### Assignment
Reproduce the data that follows character for character, but omit its pictures.
** Dataset content follows **
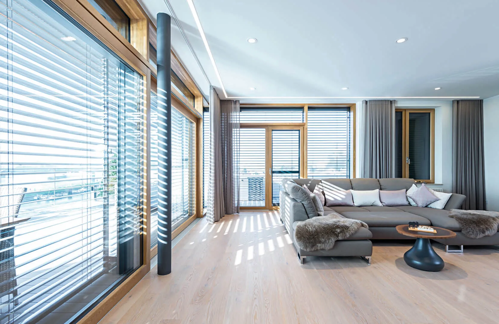 Gerade vor großflächigen Fenstern, bei offener und transparenter Architektur, kommen die Vorzüge von Raffstoren zur Geltung: Die Sonneneinstrahlung wird durch die Aluminiumlamellen reflektiert und das Aufheizen der Räume um bis zu 75 % verhindert.
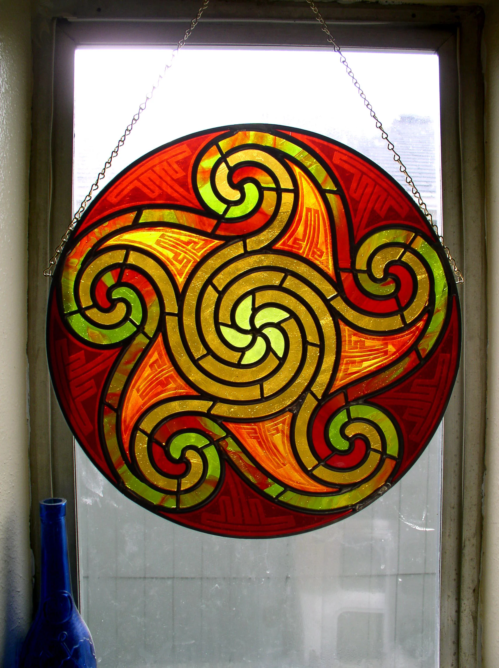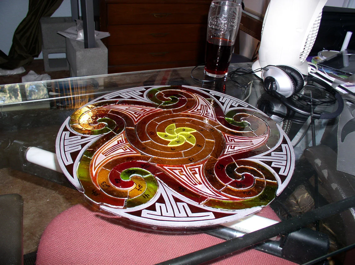 This piece was made for hanging at the Fusions Art Gallery, in Ocean Shores, WA. This is a slightly different take on an older piece of mine, Tine Chnámh, with a much deeper expedition into the world of sandblasting. I should also note that this is the first piece I've completed with my new sandblaster, and it measures 16 ½" in diameter. In the near future I plan on doubling this pattern's size, making it 6 armed (to eliminate the dreaded starfish effect), and etching into the voids the life story of Setanta/Cúchulainn.
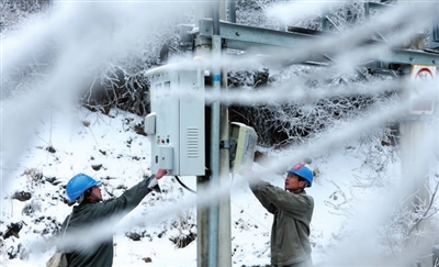 春节期间,湖北通山县九宫供电所10名员工,坚守在海拔1600米,零下5度,大雪覆盖的九宫山上,以保近千户村民用电正常。图为,2月19日(大年初十),山上又降大雪,供电员工再次进行雪后电力设备巡查。
** End of Dataset content **
### Your response
 Gerade vor großflächigen Fenstern, bei offener und transparenter Architektur, kommen die Vorzüge von Raffstoren zur Geltung: Die Sonneneinstrahlung wird durch die Aluminiumlamellen reflektiert und das Aufheizen der Räume um bis zu 75 % verhindert.
 This piece was made for hanging at the Fusions Art Gallery, in Ocean Shores, WA. This is a slightly different take on an older piece of mine, Tine Chnámh, with a much deeper expedition into the world of sandblasting. I should also note that this is the first piece I've completed with my new sandblaster, and it measures 16 ½" in diameter. In the near future I plan on doubling this pattern's size, making it 6 armed (to eliminate the dreaded starfish effect), and etching into the voids the life story of Setanta/Cúchulainn.
 春节期间,湖北通山县九宫供电所10名员工,坚守在海拔1600米,零下5度,大雪覆盖的九宫山上,以保近千户村民用电正常。图为,2月19日(大年初十),山上又降大雪,供电员工再次进行雪后电力设备巡查。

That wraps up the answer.